Only the pictures are to be dropped; return all other data below exactly.

Segment Start: Provided records

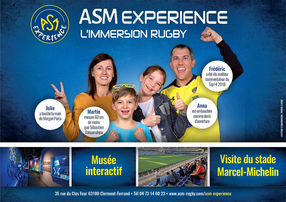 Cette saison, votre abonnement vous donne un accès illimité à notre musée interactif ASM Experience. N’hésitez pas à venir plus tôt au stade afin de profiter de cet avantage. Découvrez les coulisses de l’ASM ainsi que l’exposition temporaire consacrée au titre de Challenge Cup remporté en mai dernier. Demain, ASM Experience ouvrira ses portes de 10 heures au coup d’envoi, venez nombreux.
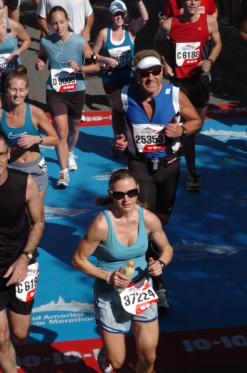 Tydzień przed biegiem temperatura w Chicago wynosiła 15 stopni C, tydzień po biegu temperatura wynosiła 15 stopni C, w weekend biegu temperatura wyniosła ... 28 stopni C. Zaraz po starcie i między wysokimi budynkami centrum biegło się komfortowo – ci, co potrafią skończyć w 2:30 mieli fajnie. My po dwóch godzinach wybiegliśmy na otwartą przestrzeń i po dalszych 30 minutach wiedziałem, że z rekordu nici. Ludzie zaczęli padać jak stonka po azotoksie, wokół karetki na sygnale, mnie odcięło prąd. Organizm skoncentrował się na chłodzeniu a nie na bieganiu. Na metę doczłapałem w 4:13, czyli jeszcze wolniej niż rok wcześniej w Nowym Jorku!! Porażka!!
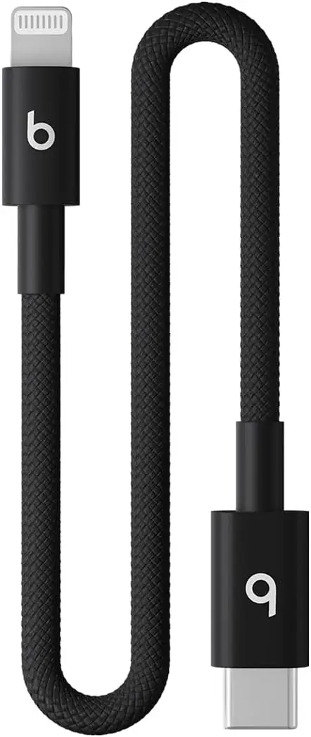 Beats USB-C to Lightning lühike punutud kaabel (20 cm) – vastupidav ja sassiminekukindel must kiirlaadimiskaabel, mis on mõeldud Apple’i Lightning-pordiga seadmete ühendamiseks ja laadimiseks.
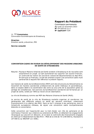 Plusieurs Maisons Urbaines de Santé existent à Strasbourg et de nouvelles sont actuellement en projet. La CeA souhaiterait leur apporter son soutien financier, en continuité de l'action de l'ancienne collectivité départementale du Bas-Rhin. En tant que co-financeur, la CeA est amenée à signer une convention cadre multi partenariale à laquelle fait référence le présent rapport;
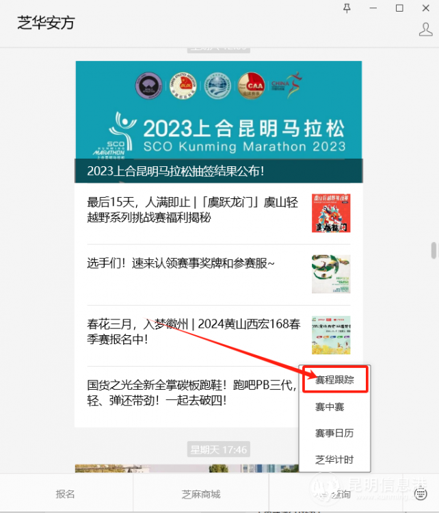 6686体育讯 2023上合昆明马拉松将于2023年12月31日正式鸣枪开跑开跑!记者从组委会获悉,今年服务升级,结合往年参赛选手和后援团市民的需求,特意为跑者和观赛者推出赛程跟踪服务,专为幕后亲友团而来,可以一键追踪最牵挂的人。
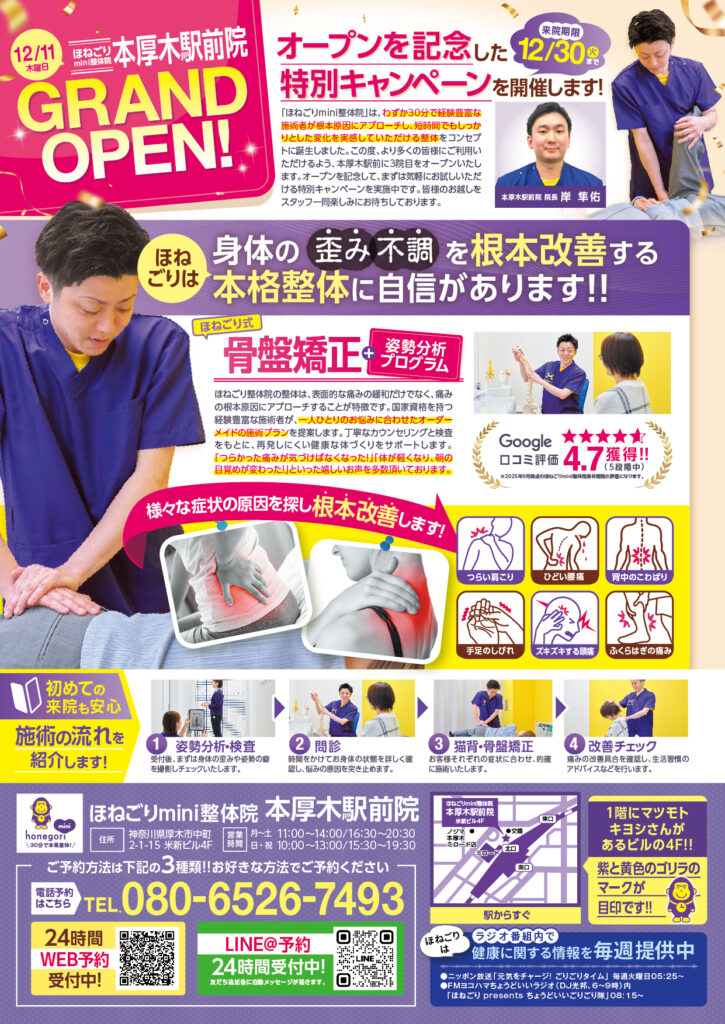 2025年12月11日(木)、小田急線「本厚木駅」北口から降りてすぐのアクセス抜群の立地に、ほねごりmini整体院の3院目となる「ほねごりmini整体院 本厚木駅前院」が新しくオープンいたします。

Segment End: Provided records

Answer area>
 Cette saison, votre abonnement vous donne un accès illimité à notre musée interactif ASM Experience. N’hésitez pas à venir plus tôt au stade afin de profiter de cet avantage. Découvrez les coulisses de l’ASM ainsi que l’exposition temporaire consacrée au titre de Challenge Cup remporté en mai dernier. Demain, ASM Experience ouvrira ses portes de 10 heures au coup d’envoi, venez nombreux.
 Tydzień przed biegiem temperatura w Chicago wynosiła 15 stopni C, tydzień po biegu temperatura wynosiła 15 stopni C, w weekend biegu temperatura wyniosła ... 28 stopni C. Zaraz po starcie i między wysokimi budynkami centrum biegło się komfortowo – ci, co potrafią skończyć w 2:30 mieli fajnie. My po dwóch godzinach wybiegliśmy na otwartą przestrzeń i po dalszych 30 minutach wiedziałem, że z rekordu nici. Ludzie zaczęli padać jak stonka po azotoksie, wokół karetki na sygnale, mnie odcięło prąd. Organizm skoncentrował się na chłodzeniu a nie na bieganiu. Na metę doczłapałem w 4:13, czyli jeszcze wolniej niż rok wcześniej w Nowym Jorku!! Porażka!!
 Beats USB-C to Lightning lühike punutud kaabel (20 cm) – vastupidav ja sassiminekukindel must kiirlaadimiskaabel, mis on mõeldud Apple’i Lightning-pordiga seadmete ühendamiseks ja laadimiseks.
 Plusieurs Maisons Urbaines de Santé existent à Strasbourg et de nouvelles sont actuellement en projet. La CeA souhaiterait leur apporter son soutien financier, en continuité de l'action de l'ancienne collectivité départementale du Bas-Rhin. En tant que co-financeur, la CeA est amenée à signer une convention cadre multi partenariale à laquelle fait référence le présent rapport;
 6686体育讯 2023上合昆明马拉松将于2023年12月31日正式鸣枪开跑开跑!记者从组委会获悉,今年服务升级,结合往年参赛选手和后援团市民的需求,特意为跑者和观赛者推出赛程跟踪服务,专为幕后亲友团而来,可以一键追踪最牵挂的人。
 2025年12月11日(木)、小田急線「本厚木駅」北口から降りてすぐのアクセス抜群の立地に、ほねごりmini整体院の3院目となる「ほねごりmini整体院 本厚木駅前院」が新しくオープンいたします。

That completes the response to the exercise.